PROMPT =>
Restate the listing below line for line and word for word, without the pictures.

MATERIAL PROVIDED =>

▼

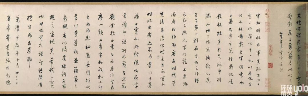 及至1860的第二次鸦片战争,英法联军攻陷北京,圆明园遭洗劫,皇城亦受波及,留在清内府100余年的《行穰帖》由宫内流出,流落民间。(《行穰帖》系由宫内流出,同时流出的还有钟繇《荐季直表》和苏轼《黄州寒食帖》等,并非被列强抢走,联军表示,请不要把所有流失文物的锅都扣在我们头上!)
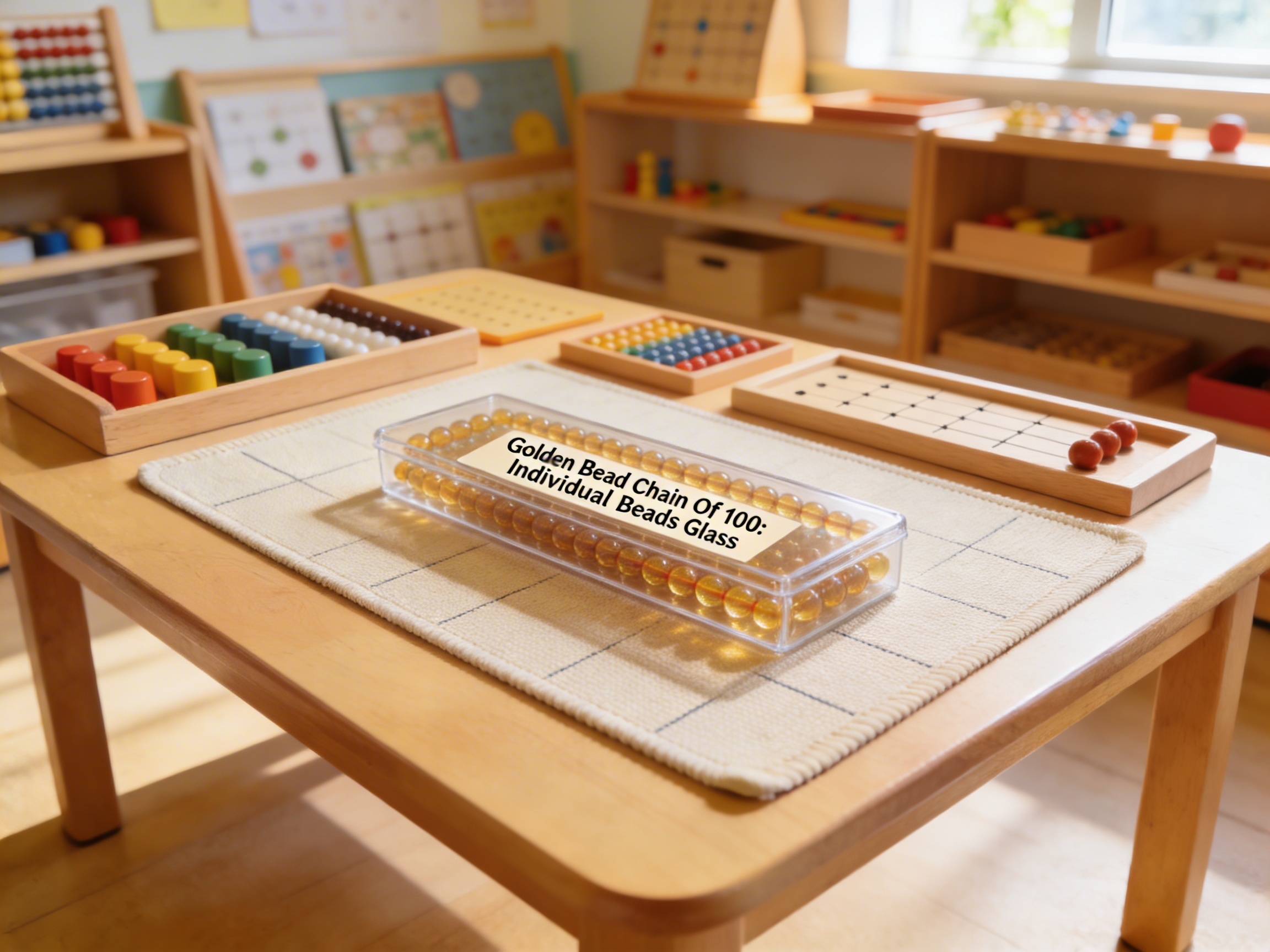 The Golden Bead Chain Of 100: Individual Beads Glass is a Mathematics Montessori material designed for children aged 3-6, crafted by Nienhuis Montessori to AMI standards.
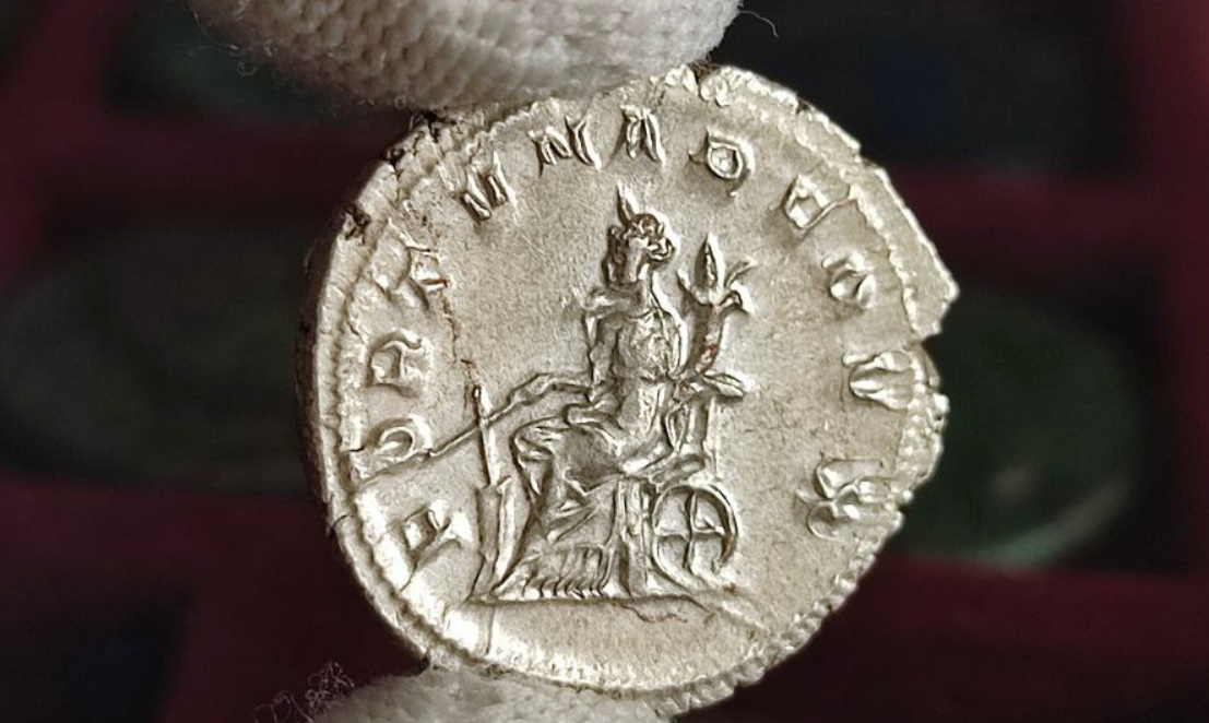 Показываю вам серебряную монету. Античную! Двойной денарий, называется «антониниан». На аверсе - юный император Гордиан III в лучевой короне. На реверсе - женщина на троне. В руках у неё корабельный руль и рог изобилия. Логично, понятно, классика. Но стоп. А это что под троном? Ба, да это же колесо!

▲

SOLUTION FOR THIS PROBLEM =>
 及至1860的第二次鸦片战争,英法联军攻陷北京,圆明园遭洗劫,皇城亦受波及,留在清内府100余年的《行穰帖》由宫内流出,流落民间。(《行穰帖》系由宫内流出,同时流出的还有钟繇《荐季直表》和苏轼《黄州寒食帖》等,并非被列强抢走,联军表示,请不要把所有流失文物的锅都扣在我们头上!)
 The Golden Bead Chain Of 100: Individual Beads Glass is a Mathematics Montessori material designed for children aged 3-6, crafted by Nienhuis Montessori to AMI standards.
 Показываю вам серебряную монету. Античную! Двойной денарий, называется «антониниан». На аверсе - юный император Гордиан III в лучевой короне. На реверсе - женщина на троне. В руках у неё корабельный руль и рог изобилия. Логично, понятно, классика. Но стоп. А это что под троном? Ба, да это же колесо!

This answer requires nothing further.